Structural Equation Modeling Done Right

2 day course | Offering TBD

The technique of structural equation modeling (SEM) is widely used in many disciplines including psychology, education, communication, biology, medicine, and others. Unfortunately, many—and possibly most—published SEM studies have at least one flaw so severe that it compromises the scientific merit of the work. This is because there are certain poor practices in SEM that are relatively common, some of which are maintained by statistical myths about the conduct of SEM or about the interpretation of analysis results. These problems are compounded by widespread deficiencies in reporting apparent in the literature.

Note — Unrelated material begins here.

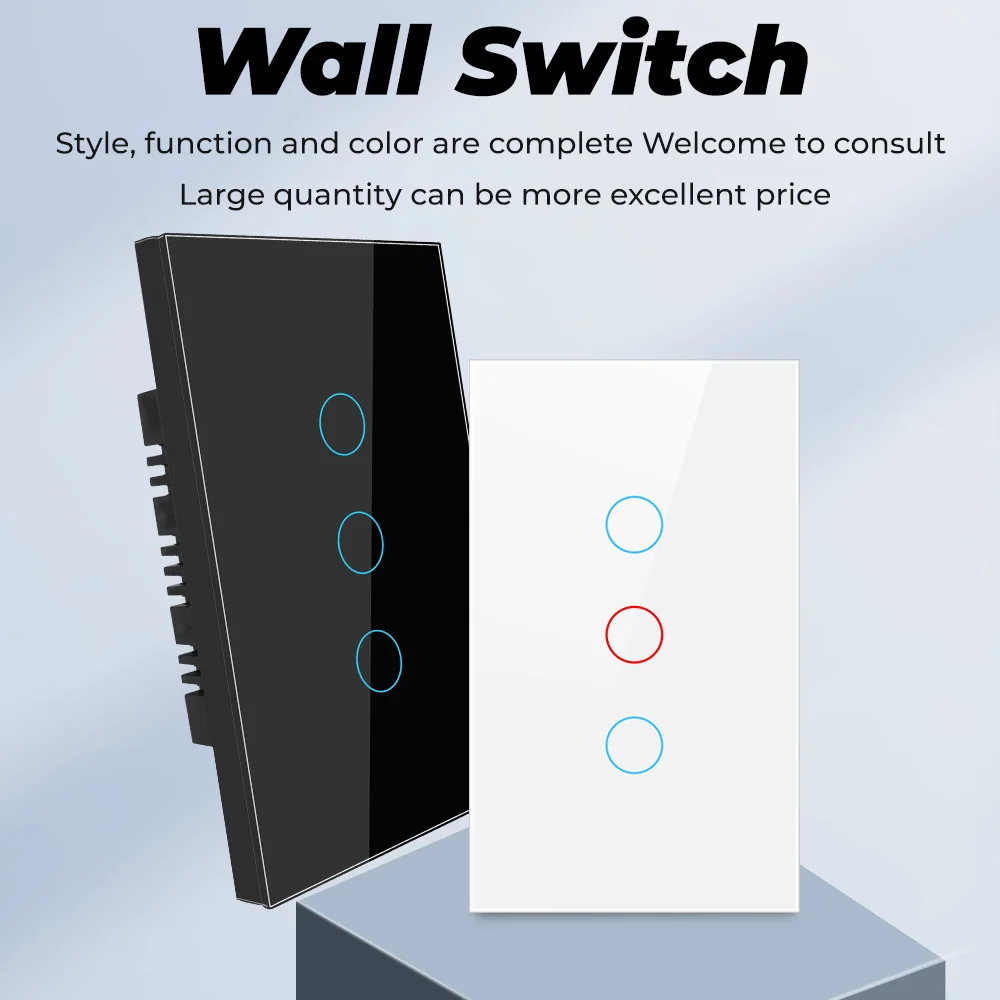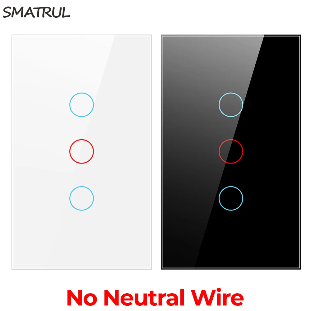 Умный сенсорный выключатель света SMATRUL, переменный ток, США, 220 В, 110 В, без нейтрального провода, настенная панель со стеклянным экраном, светодиодная лампа с управлением включением и выключением

The point of this course is to reinforce best practices in SEM and thereby assist participants to avoid common pitfalls and shortcomings in the area. Four topics are emphasized: (1) How to report the results in ways that are transparent, complete, and respect updated reporting standards for SEM studies by the American Psychological Association. (2) How to avoid confirmation bias by directly addressing the phenomenon of equivalent models that fit the data just as well as the researcher’s target model but with contradictory hypotheses about causation. (3) How to properly and thoroughly evaluate model fit, a critical part of deciding whether to retain or to reject a model. (4) Preregistration of the analysis plan is also described as a best practice when a more exploratory phase of the analysis is expected.

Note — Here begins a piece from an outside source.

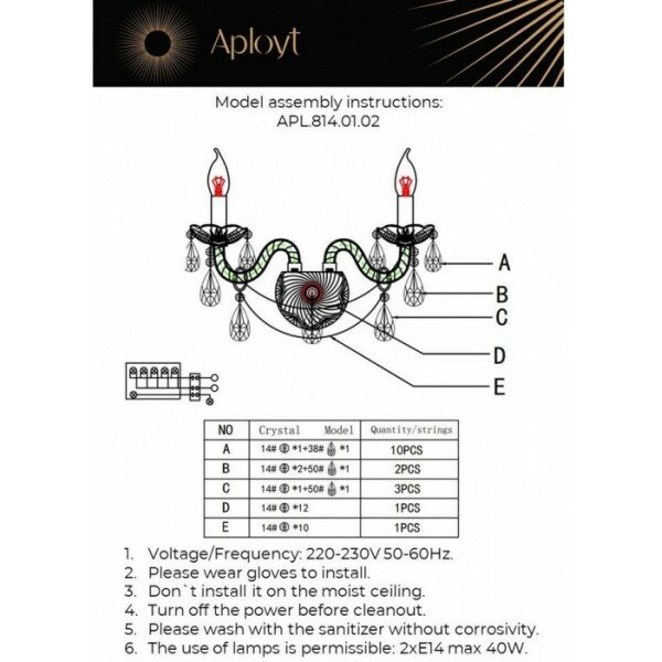 | Декор | хрустальные подвески |

INSTRUCTOR: Dr. Rex Kline, PhD

In this course, you will learn about how to follow the best practices in SEM as just summarized. Course topics include

  • Review of the content in APA reporting standards for SEM studies
  • The proper role of significance testing versus model indexing in evaluating global model fit
  • Identification of myths about model fit statistics, especially about thresholds of approximate fit indexes that supposedly signal “good” model fit
  • The role of evidence for local model fit, ignored in too many studies, in the form of residuals is explained
  • Types of residuals are defined, including covariance, correlation, standardized, and normalized residuals
  • How to generate equivalent structural or measurement models is described
  • How to plan, organize, and describe the analysis plan—including preregistration of that plan—in clear and transparent ways

Best practices covered in this course do not rely on the use of any particular computer tool or software package for SEM. Instead, the concepts and skills are those that any researcher should know or have mastered regardless of whether they use Mplus, lavaan, LISREL, Amos, or other any computer program. Thus, the course is about ideas, not about computer skills.

This course about best practices should benefit a range of participants, from researchers-in-training, such as graduate students, up thorough current researchers more experienced with SEM and who seek to upgrade their knowledge. The overall goal is to help participants distinguish their work whether submitted as a thesis or dissertation to a research committee or manuscripts with SEM analyses submitted to journals. Participants should have some prior exposure to SEM, such as in a course or through its application in research projects. The best practices covered in the course do not require expert-level knowledge of SEM. By the end of course participants will have learned some key ways to improve their future applications of SEM.

Upon completing this course, you will

  • Understand the contents of reporting standards for SEM studies including the need to describe both global fit and local fit, or the residuals, in written summaries
  • Know how to interpret residuals of different types, including covariance, correlation, standardized, or normalized residuals
  • Avoid common false interpretations of global fit statistics, including the model chi-square and approximate fit indexes
  • Understand that failure to directly acknowledge the existence of equivalent or near-equivalent models is a form of confirmation bias
  • Be able to generate for your readers at least a few equivalent models and appreciate that rational argument, not statistical analysis, is the only way to prefer one equivalent model over another
  • Understand the role of preregistration as way to reduce hypothesizing after the results are known, or harking, which is the undisclosed presentation of exploratory analyses as though they were confirmatory

A certificate of completion from the Canadian Centre for Research Analysis and Methods is provided at the end of the course.